Some random thoughts on death…

It seems as though death is all around me at the moment.  I have moved recently to a country coastal town, and met a local woman whose five year old daughter died last year from cancer.  A couple of weeks ago I learned that a former work colleague lost her partner to asbestos related cancer.  Another former colleague lost her new born baby that same day.  Yet another colleague from that same team found out two days later that her father had died suddenly and unexpectedly from a stroke.   And then we hear of the catestrophic events in Haiti.  Death too great to comprehend.  It almost seems as though it is closing in, like a sea mist that chills and pervades everything in its path.

Hearing about the tragic losses of others invariably leads to pondering one’s own mortality, and the lives of loved ones.  As a parent, I sometimes wonder about my children, will something happen.  It could be very easy to become paranoid about death, to imagine it around every corner.  I think that most people experience anxiety about death.  We are programmed for life.  Everything within us screams out for survival.  Yet we have this fear that something is going to get us.  Death is part of life, and we will all die at some point or another.    The fear is more about something happening before we are ready.  Arguably, we are never ready to face our own mortality.  Perhaps I reflect on this as one only can when one has not faced down the barrel of a terminal illness.

Death is always sad, but is somewhat more palatable when it comes in due time, at the end of life fully lived. The emphasis of the loss is shared with the celebration of the life that preceded it.  But it is hard to understand the life that is snatched away early – like the newborn child I referred to earlier.  Or the five year old girl.  Or any one of the thousands that perished in the Haitian earthquake.   The mother of the five year old girl feels that it was her child’s destiny to die young.  And that it was also her own destiny to experience losing her child, part of her own personal growth.  The kind of growth I could do without I think!

Thinking about death invariably leads me to God.  At the moment I am not wrestling with why God lets people die, or fails to stop death- whichever way you look at it.  The thoughts for this post came to me while driving to work, and I found myself wondering how God himself experiences death.  If we take a literal reading of the creation story, death was never intended to be part of human life.  Death is a consequence of our separation from God, part of “the curse”.  I wonder if God grieved the entrance of death into his creation. We read that God communed with first man and first woman.  How did God experience relinquishing that communion?  There was death of both relationship and the body itself.  I also wonder, (and here I may venture into theologically dangerous territory), why bodily death was the consequence of disobedience.  Was that a natural consequence?  It seems like “all or nothing” thinking.  And maybe, that is exactly how it is.  There is no half-walking with God, partial obedience can never substitute full trusting obedience.

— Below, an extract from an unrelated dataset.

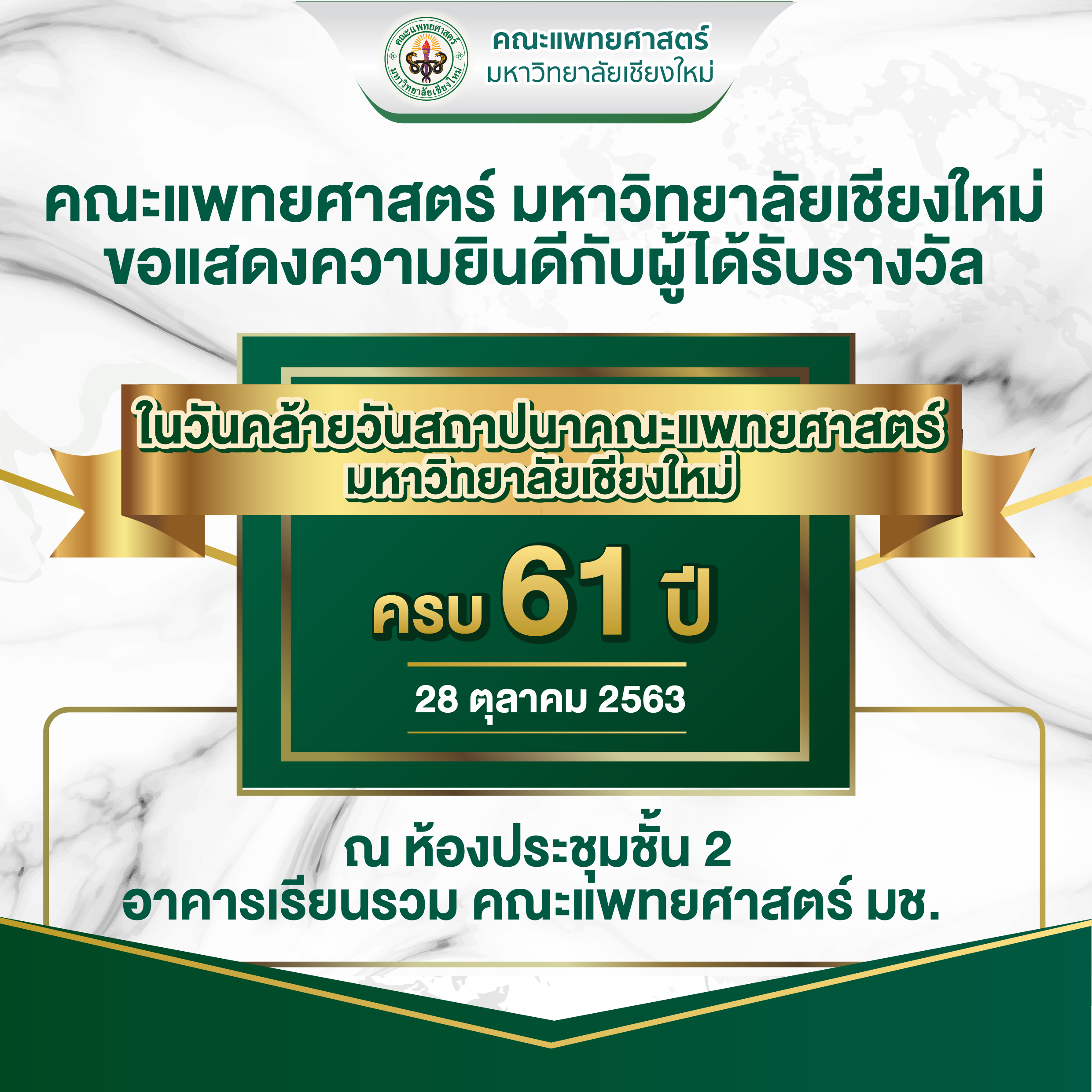 คณะแพทยศาสตร์ มหาวิทยาลัยเชียงใหม่ ขอแสดงความยินดีกับผู้ได้รับรางวัล ในโอกาสวันคล้ายวันสถาปนาคณะแพทยศาสตร์ มช. ครบ 61 ปี
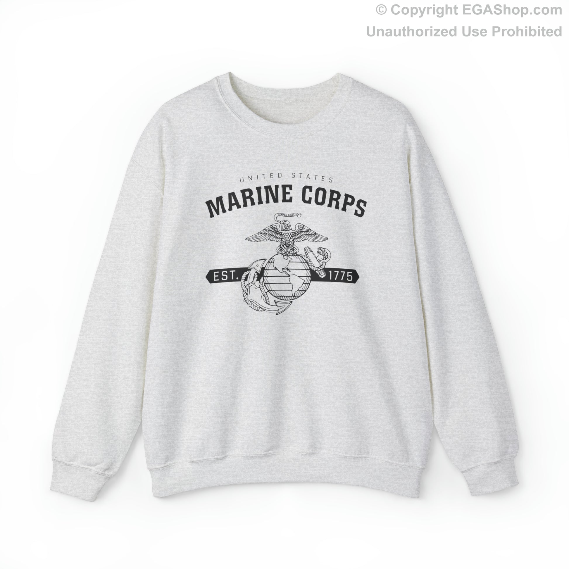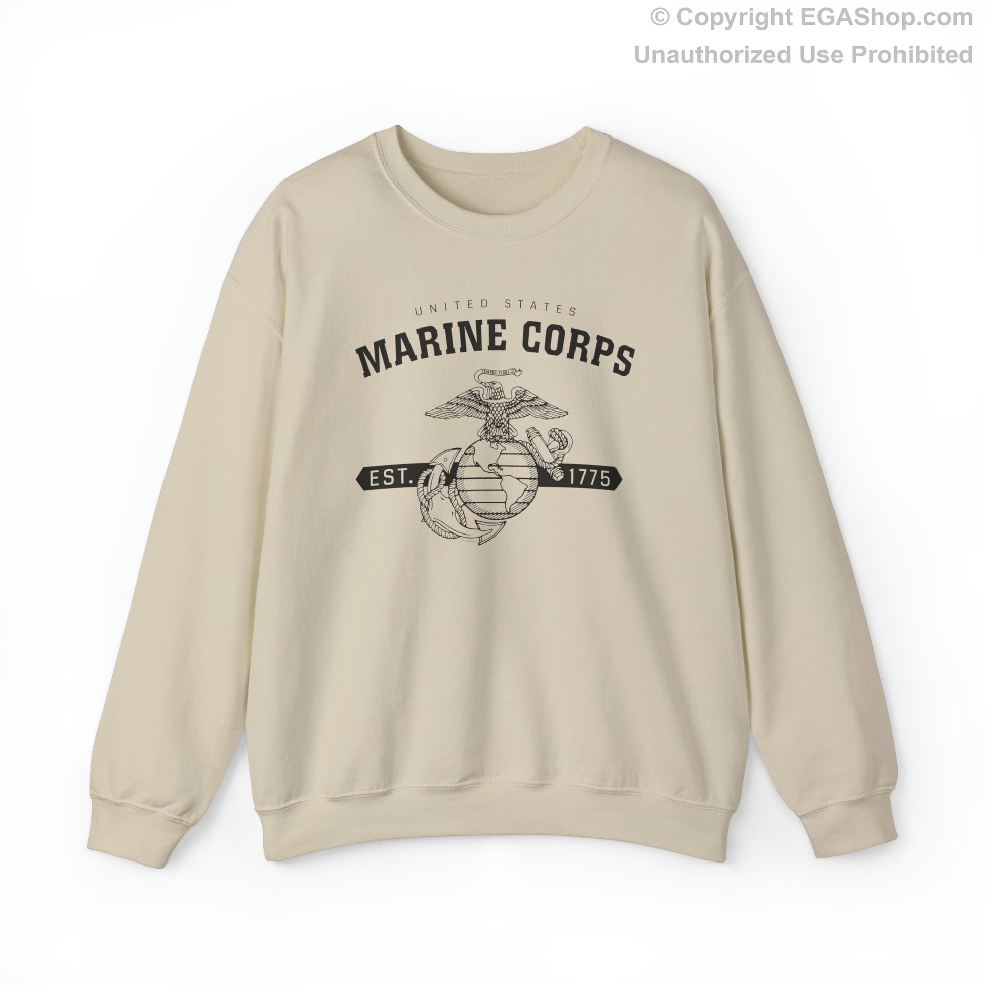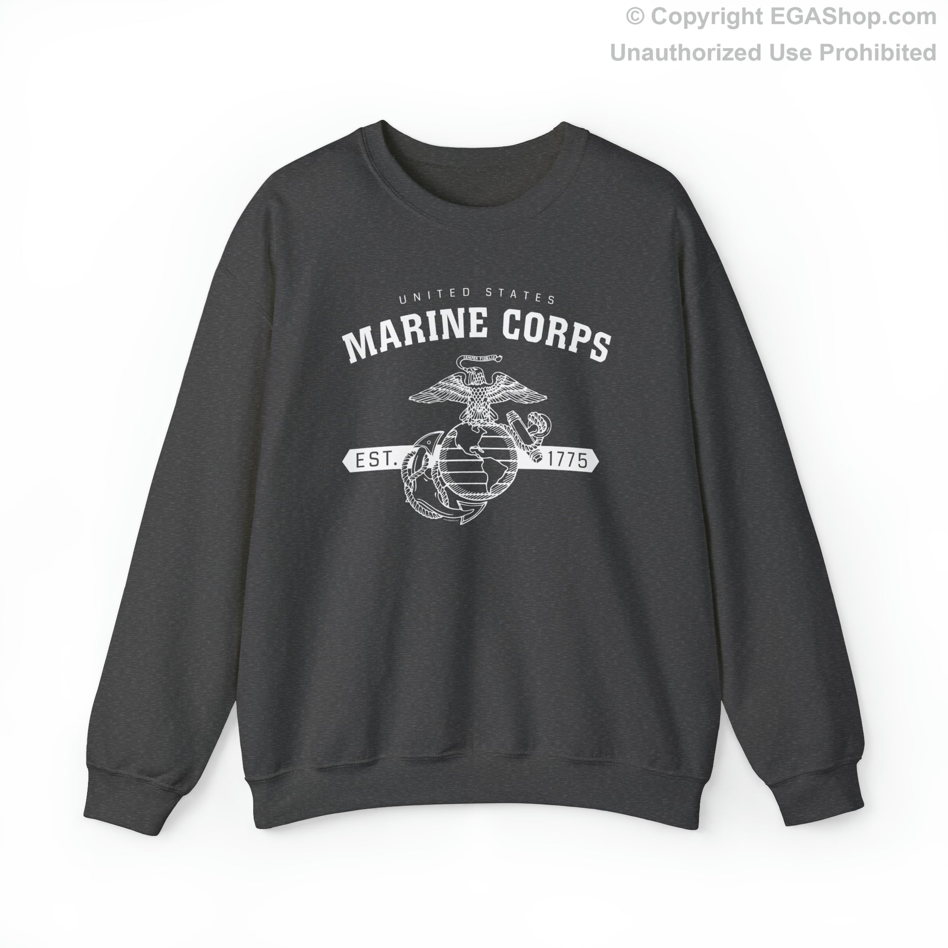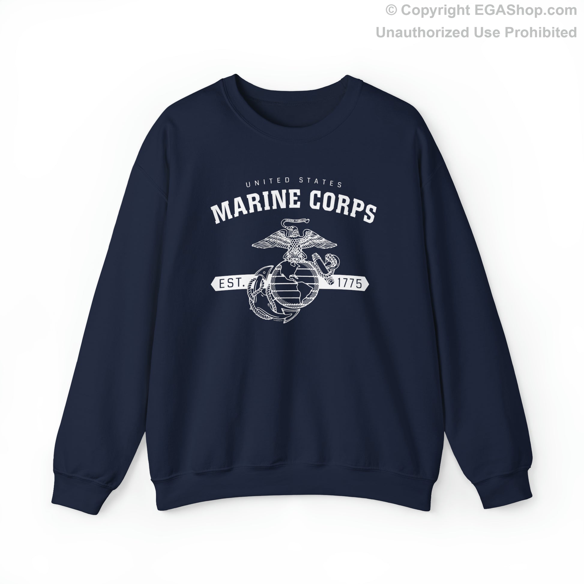 This design features the Marine Corps Eagle, Globe and Anchor (EGA) with a banner including the year 1775, in which the Marine Corps was established, on the front. The back is blank.

I also wonder about the death of Jesus.  How did God experience the death of his son?  Of course, this question and those that follow presuppose a particular trinitarian perspective.  Did God fight the urge to stop the events leading up to and including the death of Jesus?  Did he feel paternal?  Or was it something accepted as a painful fait du complete.  Does the term “paternal” have any place in the relationship between Father and Son?  We sing about the fact that Jesus could have called “ten thousand angels” but did not.  We don’t sing about the Father torn asunder by the desire to spare his Son and to save his creation.

One of the things I love about Jewish traditions and writings is that nothing is too small to be examined.  I love the way Jewish writers enter the story and entice the reader to likewise look at familiar stories with the wide eyed wonder of a child seeing for the first time.  There is permission to wonder, even if it leads to less trodden paths, or paths that don’t lead anywhere.  I find it refreshing.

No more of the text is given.